The porter didn’t hesitate.

“From Punta Raisi, the airport.”

And he anticipated the inspector’s next question.

“The morning flight from Rome lands in Palermo at seven. And, in fact, three customers from Rome arrived about half an hour after he did. Apparently the Frenchman left the airport a little before the others.”

“What makes you say that?”

“Well, the man was carrying only a sort of overnight bag, whereas the others had suitcases and therefore had to wait for them at the luggage belt.”

“Go on.”

“Anyway, the guy stayed in his room for about an hour, then came back down.”

“Did he make any phone calls?”

“Not through our switchboard, no.”

“But can one call from the rooms without passing through the switchboard?”

“Of course. But in that case, a charge for the call would show up on the client’s account, whereas there was no charge for that room.”

“Do you know if he had a cell phone?”

“I couldn’t say.”

“Go on.”

“So the man came down and asked me to call him a cab. Since we’re a bit out of the way, the taxi took about twenty minutes to get here.”

“And what did he do during that time?”

“He sat down and started thumbing through a magazine. He was…”

The porter paused.

“No, never mind,” he said. “Excuse me.”

“No, you’re not excused. Finish your sentence.”
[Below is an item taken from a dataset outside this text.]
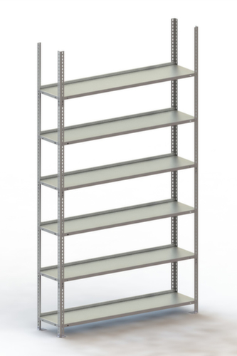 Die wichtigsten Maße des Aktenregals auf einen Blick:Verstauen Sie Aktenordner, Dokumente und anders Büromaterial bequem auf 6 Ebene(n) mit Stahlboden / 6 Ordnerhöhen. Diese bieten Platz für bis zu 90 Ordner. Fachhöhen je nach Einsatzzweck und Ihrem Bedarf im Raster von 25 mm verstellbar. Nutzung einseitig - zur Aufstellung an der Wand konzipiert. Konstruktion aus Stahl, Ständer mit korrosionsschützender Zinkbeschichtung,

“When the guy came downstairs, he seemed to be in a different mood.”

“In what way?”

“Oh, I dunno… More cheerful. He was humming.”

“As if he’d received some good news?”

“Something like that.”

“You should be a policeman.”

“Thanks.”

“Did he speak Italian?”

“He managed. Then the cab arrived and he left.”

“And since then you haven’t heard from him at any time.”

“No, he hasn’t called.”

“Had he reserved his room in advance?”

“No.”

“How do you think he knew about this hotel?”

“We advertise a lot,” the manager interjected. “Even abroad.”

“And have there been any phone calls for this man during this time?”

“None.”

“Do you think he’s ever been a guest before at this hotel?”